Statistical analysis
Bee community structure, flower community structure and climate vs elevation.
We determined the relationship between bee species richness, bee abundance, flower species richness, flower density, MAT and MAP, each one as a response variable versus the variable elevation (six different models), taking into account a possible variation of these variables in relation to geographic distance (spatial autocorrelation). Previously, we used Moran’s I test to explore spatial autocorrelation of each one of this response variables. These analyses were conducted with the statistical package ‘ape’ [61] for R version 4.0.1 [62]. We found that bee species richness, flower species richness, MAT and MAP showed spatial auto-correlation. Bee abundance and flower density did not show spatial auto-correlation (see Results).

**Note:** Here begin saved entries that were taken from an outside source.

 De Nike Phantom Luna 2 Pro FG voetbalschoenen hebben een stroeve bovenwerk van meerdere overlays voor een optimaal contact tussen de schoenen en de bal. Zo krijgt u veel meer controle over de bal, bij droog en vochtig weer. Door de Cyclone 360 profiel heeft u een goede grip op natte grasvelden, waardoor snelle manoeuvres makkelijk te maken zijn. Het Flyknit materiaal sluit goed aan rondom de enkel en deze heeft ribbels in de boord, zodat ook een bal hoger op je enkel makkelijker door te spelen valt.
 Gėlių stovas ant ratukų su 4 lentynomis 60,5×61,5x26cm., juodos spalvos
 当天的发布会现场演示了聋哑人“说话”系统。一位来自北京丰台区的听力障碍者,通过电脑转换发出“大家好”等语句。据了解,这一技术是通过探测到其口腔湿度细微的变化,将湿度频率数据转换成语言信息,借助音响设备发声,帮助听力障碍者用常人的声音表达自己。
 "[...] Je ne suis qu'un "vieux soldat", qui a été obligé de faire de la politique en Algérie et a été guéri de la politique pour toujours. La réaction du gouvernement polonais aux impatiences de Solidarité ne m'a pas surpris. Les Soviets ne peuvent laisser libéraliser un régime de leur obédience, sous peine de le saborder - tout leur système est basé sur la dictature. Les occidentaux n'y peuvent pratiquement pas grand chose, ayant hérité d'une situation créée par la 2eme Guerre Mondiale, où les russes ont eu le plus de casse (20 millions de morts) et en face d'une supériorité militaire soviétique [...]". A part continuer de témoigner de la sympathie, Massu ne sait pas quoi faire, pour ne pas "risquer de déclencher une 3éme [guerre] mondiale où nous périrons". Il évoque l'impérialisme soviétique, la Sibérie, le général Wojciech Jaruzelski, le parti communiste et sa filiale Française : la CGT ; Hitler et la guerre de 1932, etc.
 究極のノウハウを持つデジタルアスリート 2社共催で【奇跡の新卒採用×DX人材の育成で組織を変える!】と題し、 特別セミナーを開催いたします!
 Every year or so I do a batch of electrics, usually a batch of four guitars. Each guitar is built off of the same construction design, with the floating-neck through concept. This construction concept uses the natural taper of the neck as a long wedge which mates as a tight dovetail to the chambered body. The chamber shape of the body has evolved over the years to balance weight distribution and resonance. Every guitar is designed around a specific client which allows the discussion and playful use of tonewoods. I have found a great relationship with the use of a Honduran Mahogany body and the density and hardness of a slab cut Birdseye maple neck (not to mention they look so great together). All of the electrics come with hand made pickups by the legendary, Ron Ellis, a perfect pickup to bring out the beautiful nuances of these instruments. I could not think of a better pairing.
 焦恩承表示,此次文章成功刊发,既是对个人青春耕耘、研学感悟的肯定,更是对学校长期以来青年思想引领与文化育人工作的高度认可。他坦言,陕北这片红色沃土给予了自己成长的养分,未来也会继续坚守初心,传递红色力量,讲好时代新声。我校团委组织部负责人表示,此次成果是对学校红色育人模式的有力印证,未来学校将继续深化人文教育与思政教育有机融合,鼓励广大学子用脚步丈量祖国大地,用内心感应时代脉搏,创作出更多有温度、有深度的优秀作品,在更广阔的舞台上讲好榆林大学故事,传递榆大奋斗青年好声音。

In the case of the four auto-correlated response variables, we followed procedure as described in Zuur et al. [63], to control for spatial auto-correlation. For each response variable vs elevation, we build up seven different models. We used generalized least squares (GLS) models with five different spatial covariance structures (Spherical, Linear, Ratio, Gaussian, and Exponential type of spatial correlation). Then, for each relationship, we compared these five models and the model with no spatial covariance structure, and the ‘null model’ (with no explanatory variable and no spatial covariance structure). Then, we selected the best-fit model using second-order Akaike information criterion. Finally, to obtain unbiased parameter estimates, we calculated the selected model with restricted maximum likelihood estimates (REML). GLS analyses were conducted with the R package ‘nlme’ [64]. Adjusted-pseudo R2 of these GLS models were calculated based on the likelihood-ratio test performed with the ‘r.squaredLR’ function of R package ‘MuMIn’ [65]. In the case of the two no auto-correlated response variables (bee abundance and flower density) we run a GLS model with no spatial covariance structure and with REML estimation. For each model, we also obtained and adjusted-pseudo R2 in the same way as described above. In all cases, we checked if models complied with the assumptions of normality and homoscedasticity.

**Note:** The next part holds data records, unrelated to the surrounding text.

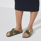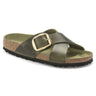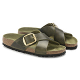 The BIRKENSTOCK Siena boasts a refined appearance. Crossed straps give the sandal its unique and special look. The Big Buckle version features a large, elegant pin buckle a fantastic, striking eye-catcher on this otherwise understated sandal. The lining of the semi-exquisite footbed is covered with soft smooth leather and matches the shoe in color. The upper is made from extra thick, oiled nubuck leather with an open-selvage finish.
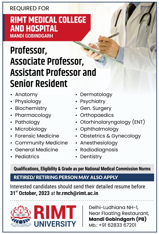 Faculty recruitment 2023 Job vacancy notification announced by RIMT Medical College and Hospital, Mandi Gobindgarh – Professor/ Associate Professor/ Assistant Professor and Senior Resident Jobs for the 2023 academic year. Eligible candidates may apply by email by 31st October 2023.
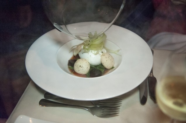 This dish came presented beautifully with a flamboyant twist. It was uncovered at table to reveal a musky scent and smoke puff into the air. Interesting smells are a part of this culinary experience and by this third dish my guests and I are really having fun commenting about the food and having a few laughs courtesy of Martin, our joker at table!
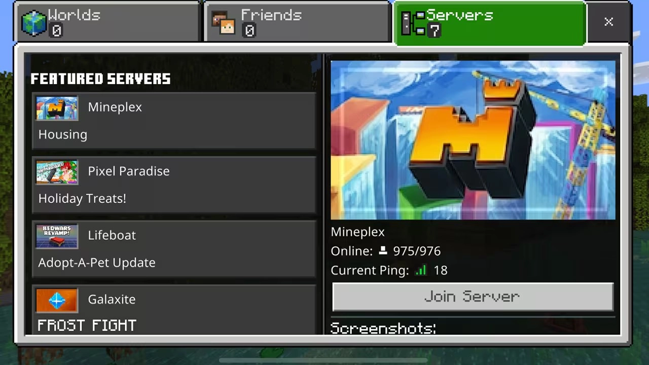 若要连接到Bedrock版服务器,需先启动Minecraft,接着点击主菜单里的“游戏”。随后您会进入一个界面,此界面设有三个选项卡,分别为“世界”、“好友”以及“服务器”。

As our bee community had three clearly dominant species (see ‘Results‘ section), we decided decomposing bee abundance variable, considering the three most abundant species abundances separately as variables vs elevation, to check if general pattern could be determined by the specific patterns of these three species. We also considered the variables: ‘abundance of bees without 3 most abundant species’ and ‘abundance of bees without the most abundant bee’ vs elevation to check directly the effects of these 3 most abundant species in bee abundance vs elevation model. The statistical procedure to conduct these analyses was exactly equivalent to that described for analyses in the previous paragraph. Analyses were conducted considering elevation as a continuous and as a categorical variable. Details for these analyses and results for these models are shown in the S6 Appendix.

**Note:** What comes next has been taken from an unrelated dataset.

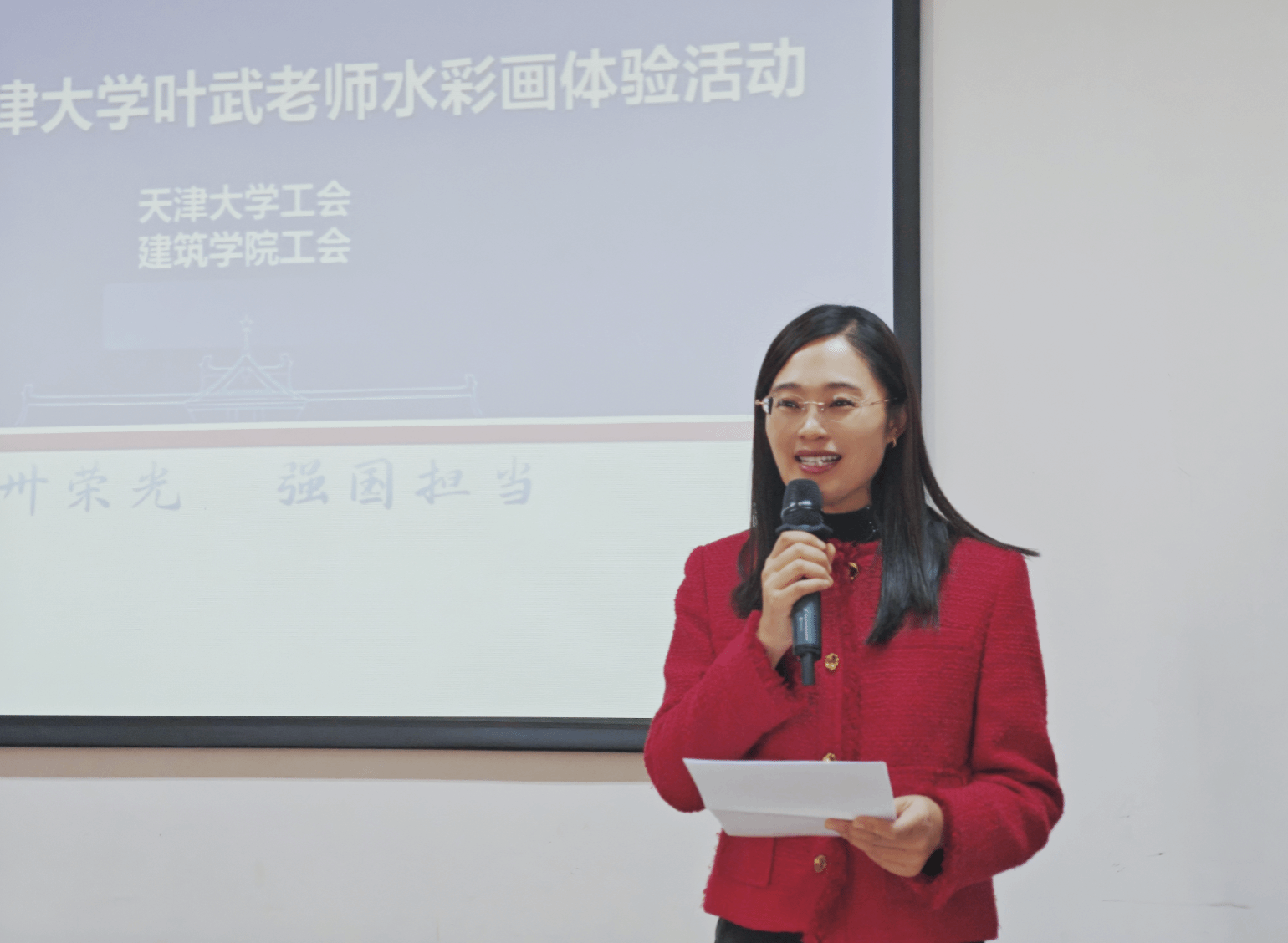 The program opened with remarks from Wen Li, Deputy Secretary of the School of Architecture Party Committee, who welcomed the participants and expressed appreciation to Wu Ye for leading the workshop. Wen highlighted watercolor’s expressive qualities, including its transparency, fluidity and subtle visual charm, and emphasized the value of artistic engagement in easing work-related pressure and enhancing campus culture.

Bee community structure vs explanatory variables (flower and climate variables).
Disentangling the effect of elevation is problematic since it is often correlated with several abiotic and biotic environmental variables [66], which is also our case (see S2 Appendix). To deal with this problem, we decided to analyze separately elevation as explanatory variable (analyses in previous paragraph), and all those abiotic and biotic variables to which is related, in our case: MAT, MAP, flower species richness and flower density. To test if these four explanatory variables associated to elevational gradient influenced bee community structure response variables i.e., bee species richness and bee abundance, for each one of these two bee response variables we built a series of ‘lm’ models with all possible combinations of the four explanatory variables (including a ‘null model’ with no explanatory variables), and then we selected the best-supported models using second-order Akaike information criterion (AICc). This approach reduces the problems associated with multiple testing, collinearity of explanatory variables, and small sample sizes [67]. The best supported models were selected based on their AICc weights, which reveal the relative likelihood of a given model—based on the data and the fit—scaled to one. Model selection was carried out using the ‘dredge’ function in theMuMIn package for R. The relevant variables were those that were retained in the best-supported models (except, obviously, when the best-supported model consisted only of the intercept). We selected those models with a delta (AICc difference) of Δ<2 and then proceed to run a model-average effect sizes for the parameters with most support across these models with the ‘model.avg’ function of MuMIn package for R. Model averaging consists in making inference based on a subset of best candidate models, instead of basing conclusions on a single ‘best’ model [68]. To control for spatial auto-correlation, for each of the two response variables (bee species richness and bee abundance) set of models, we selected the best-supported model based on AICc weight (containing only significant explanatory variables resulting from the model-averaging procedure) and then proceed as described in Zuur et al. [63], as explained in the above paragraph.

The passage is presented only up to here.